--- DATA SUPPLIED Enclosed Below ---
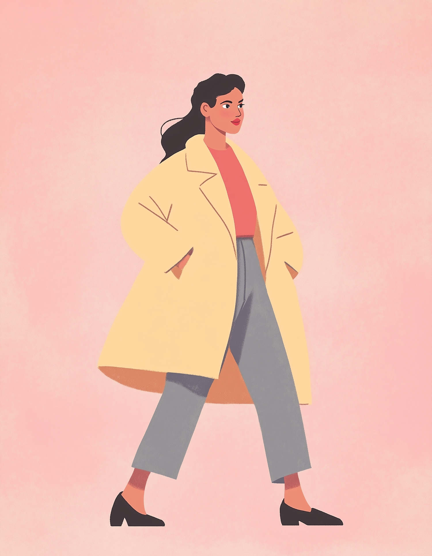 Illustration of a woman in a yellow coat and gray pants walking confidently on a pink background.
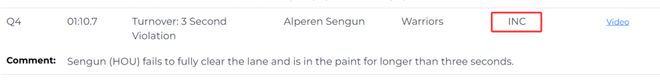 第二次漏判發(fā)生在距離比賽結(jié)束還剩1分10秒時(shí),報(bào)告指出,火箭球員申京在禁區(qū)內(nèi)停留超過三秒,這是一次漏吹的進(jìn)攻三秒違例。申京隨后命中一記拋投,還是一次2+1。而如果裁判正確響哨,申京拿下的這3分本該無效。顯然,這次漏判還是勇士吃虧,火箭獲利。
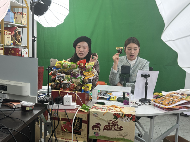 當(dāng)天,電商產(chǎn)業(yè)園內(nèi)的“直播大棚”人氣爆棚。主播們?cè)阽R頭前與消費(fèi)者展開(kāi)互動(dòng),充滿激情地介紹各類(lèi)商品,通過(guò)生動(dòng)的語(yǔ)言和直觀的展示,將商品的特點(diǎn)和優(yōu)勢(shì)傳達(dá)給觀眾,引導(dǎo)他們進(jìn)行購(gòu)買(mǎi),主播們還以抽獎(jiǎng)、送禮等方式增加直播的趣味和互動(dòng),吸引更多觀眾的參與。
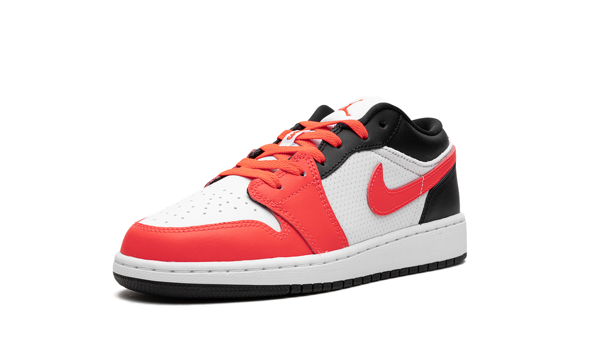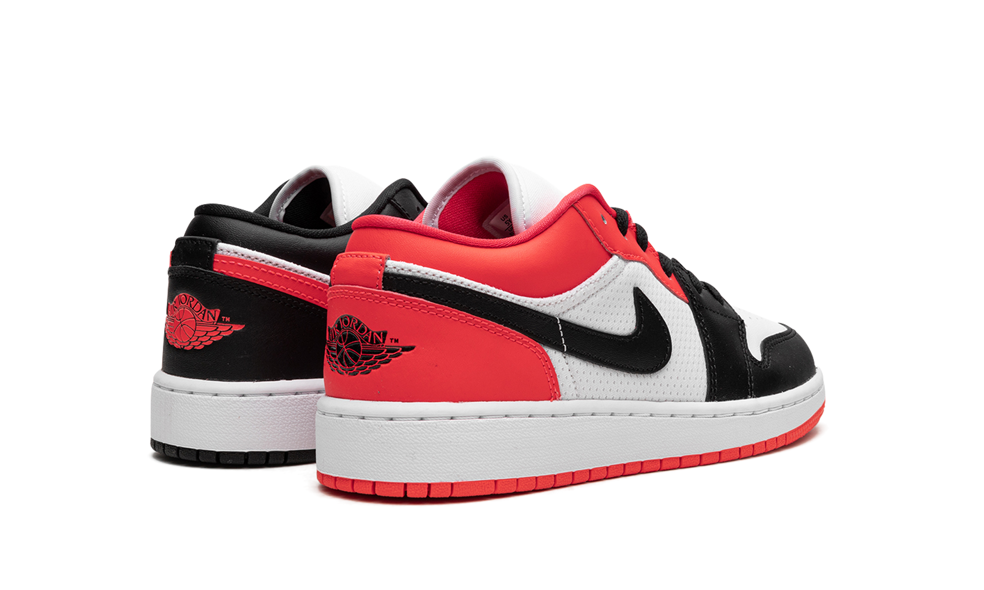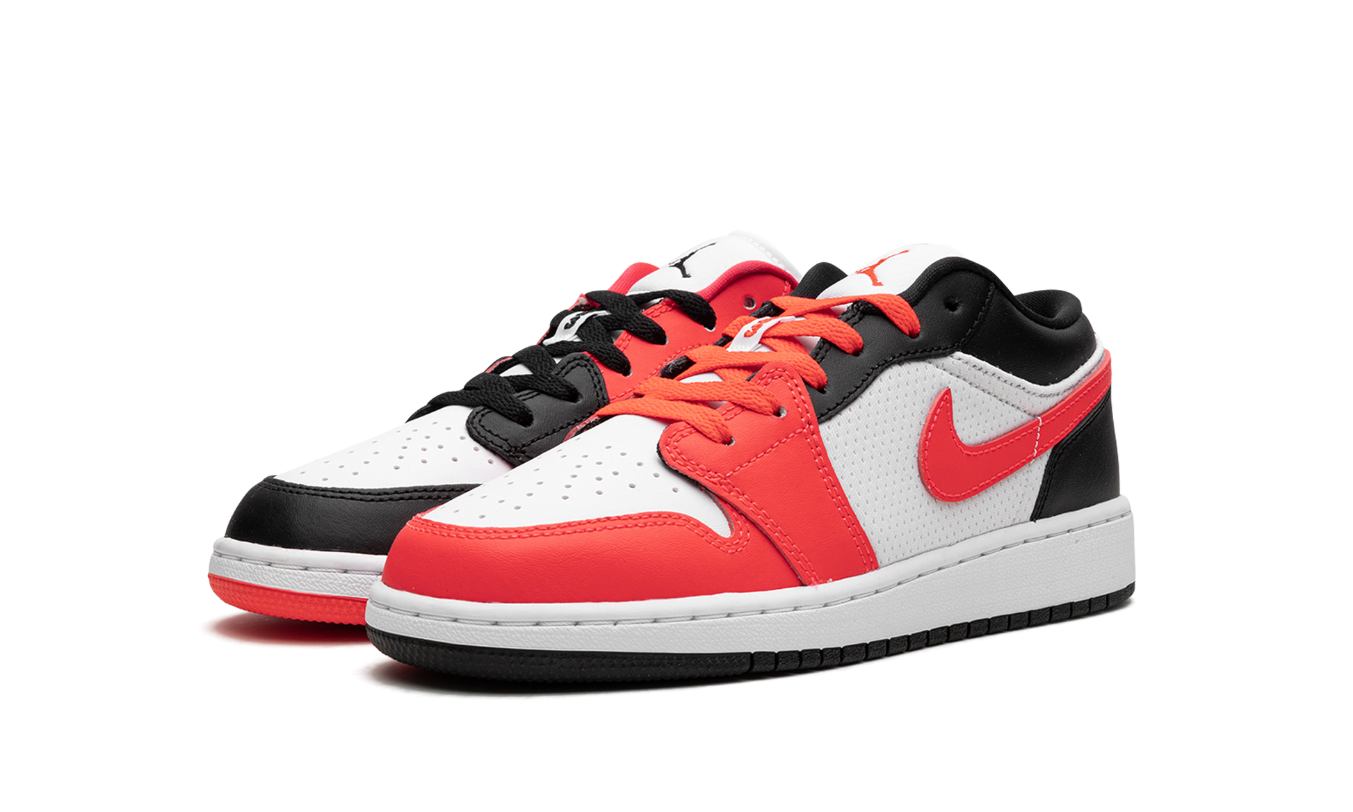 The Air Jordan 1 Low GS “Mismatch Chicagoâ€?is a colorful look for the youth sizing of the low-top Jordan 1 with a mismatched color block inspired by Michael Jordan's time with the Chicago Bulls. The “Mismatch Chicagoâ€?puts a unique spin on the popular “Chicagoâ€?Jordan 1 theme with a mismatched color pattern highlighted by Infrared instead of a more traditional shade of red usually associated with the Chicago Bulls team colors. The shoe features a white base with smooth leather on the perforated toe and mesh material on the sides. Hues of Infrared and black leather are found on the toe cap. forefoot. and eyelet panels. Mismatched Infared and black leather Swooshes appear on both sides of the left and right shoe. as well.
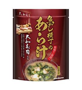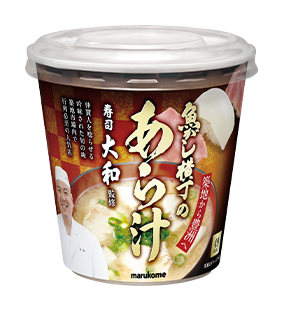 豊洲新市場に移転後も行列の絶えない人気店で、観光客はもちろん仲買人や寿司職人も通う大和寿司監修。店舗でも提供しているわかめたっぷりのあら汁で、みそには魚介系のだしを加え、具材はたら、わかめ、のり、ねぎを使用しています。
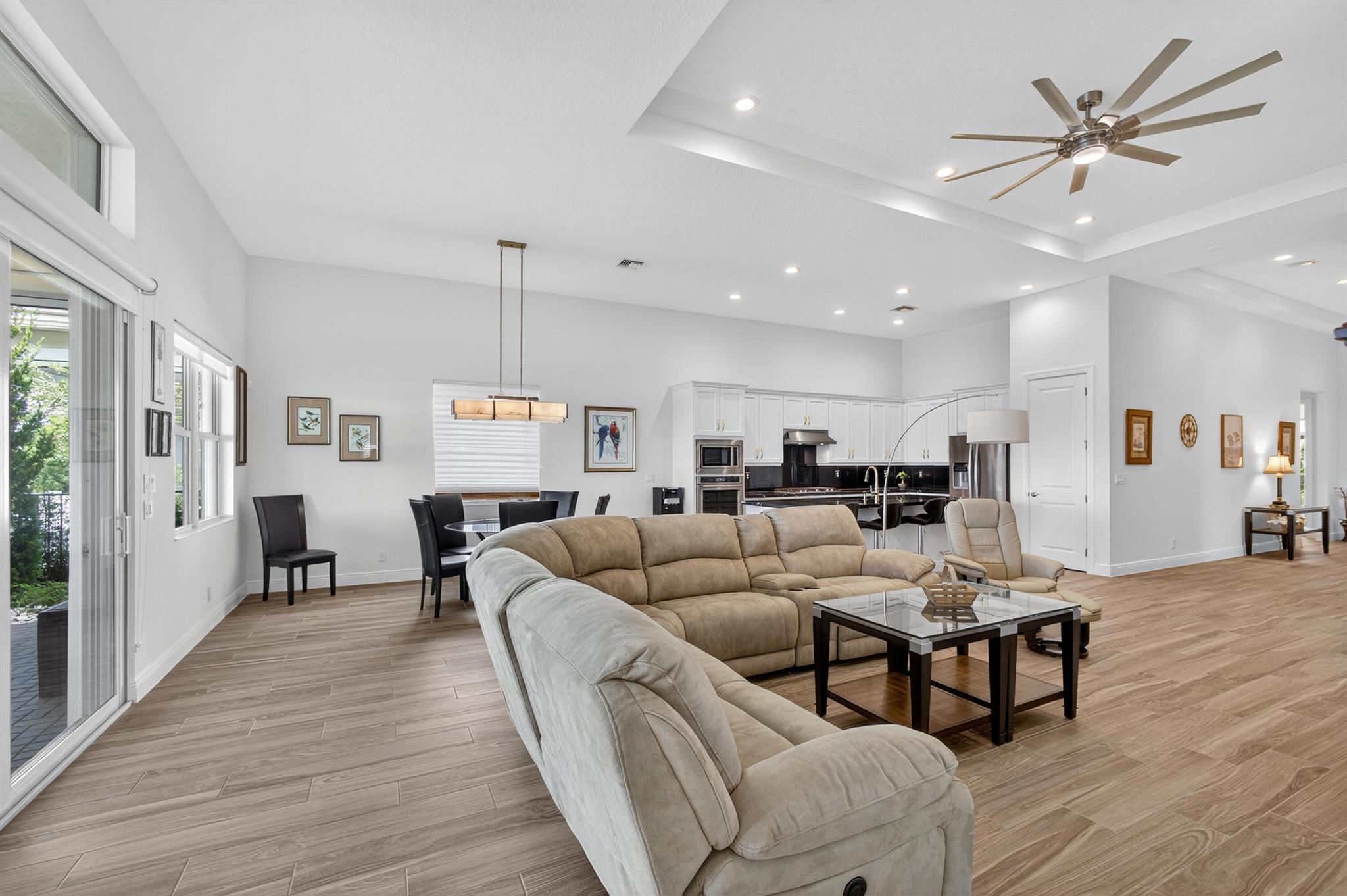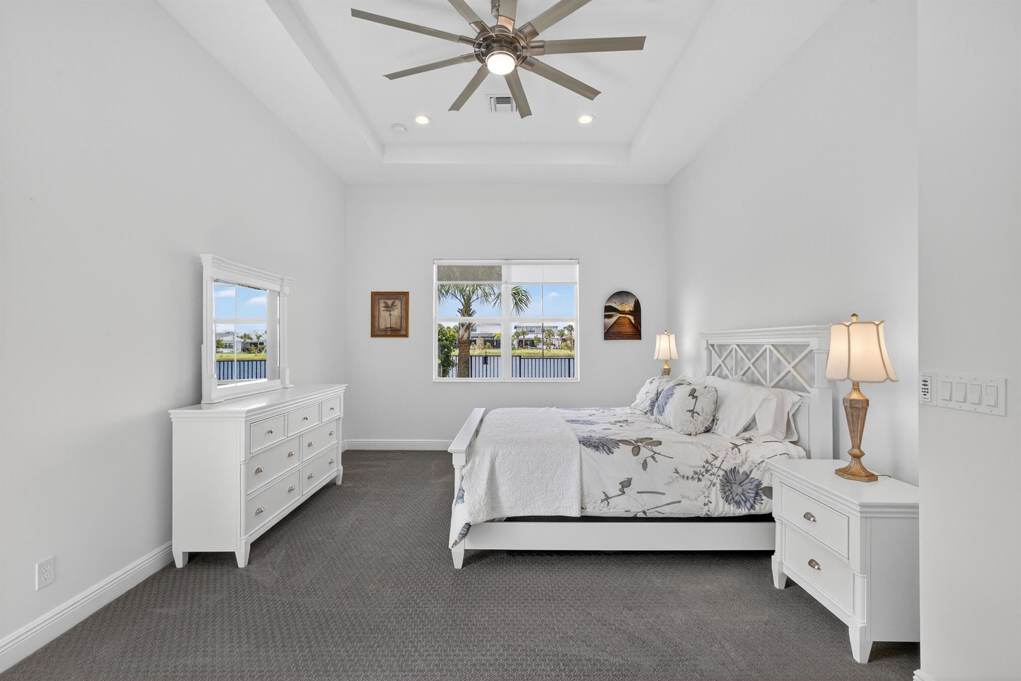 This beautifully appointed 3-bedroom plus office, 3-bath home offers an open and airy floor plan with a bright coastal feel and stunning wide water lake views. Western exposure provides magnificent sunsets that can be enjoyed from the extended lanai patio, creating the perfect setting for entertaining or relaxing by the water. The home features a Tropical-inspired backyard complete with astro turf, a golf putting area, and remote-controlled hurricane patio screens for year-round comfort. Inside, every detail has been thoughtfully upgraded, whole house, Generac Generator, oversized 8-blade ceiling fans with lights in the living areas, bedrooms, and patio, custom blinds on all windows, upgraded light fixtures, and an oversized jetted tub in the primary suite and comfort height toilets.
--- End of Enclosed DATA SUPPLIED ---
▶ [EXERCISE REQUIREMENTS]: Using the data above, retype exactly and only the lines from the one containing "當(dāng)天,電商產(c" up to and including the one containing "豊洲新市場に移転後も行列の絶", with no pictures carried over.

▶ [WRITTEN RESPONSE]:
 當(dāng)天,電商產(chǎn)業(yè)園內(nèi)的“直播大棚”人氣爆棚。主播們?cè)阽R頭前與消費(fèi)者展開(kāi)互動(dòng),充滿激情地介紹各類(lèi)商品,通過(guò)生動(dòng)的語(yǔ)言和直觀的展示,將商品的特點(diǎn)和優(yōu)勢(shì)傳達(dá)給觀眾,引導(dǎo)他們進(jìn)行購(gòu)買(mǎi),主播們還以抽獎(jiǎng)、送禮等方式增加直播的趣味和互動(dòng),吸引更多觀眾的參與。
 The Air Jordan 1 Low GS “Mismatch Chicagoâ€?is a colorful look for the youth sizing of the low-top Jordan 1 with a mismatched color block inspired by Michael Jordan's time with the Chicago Bulls. The “Mismatch Chicagoâ€?puts a unique spin on the popular “Chicagoâ€?Jordan 1 theme with a mismatched color pattern highlighted by Infrared instead of a more traditional shade of red usually associated with the Chicago Bulls team colors. The shoe features a white base with smooth leather on the perforated toe and mesh material on the sides. Hues of Infrared and black leather are found on the toe cap. forefoot. and eyelet panels. Mismatched Infared and black leather Swooshes appear on both sides of the left and right shoe. as well.
 豊洲新市場に移転後も行列の絶えない人気店で、観光客はもちろん仲買人や寿司職人も通う大和寿司監修。店舗でも提供しているわかめたっぷりのあら汁で、みそには魚介系のだしを加え、具材はたら、わかめ、のり、ねぎを使用しています。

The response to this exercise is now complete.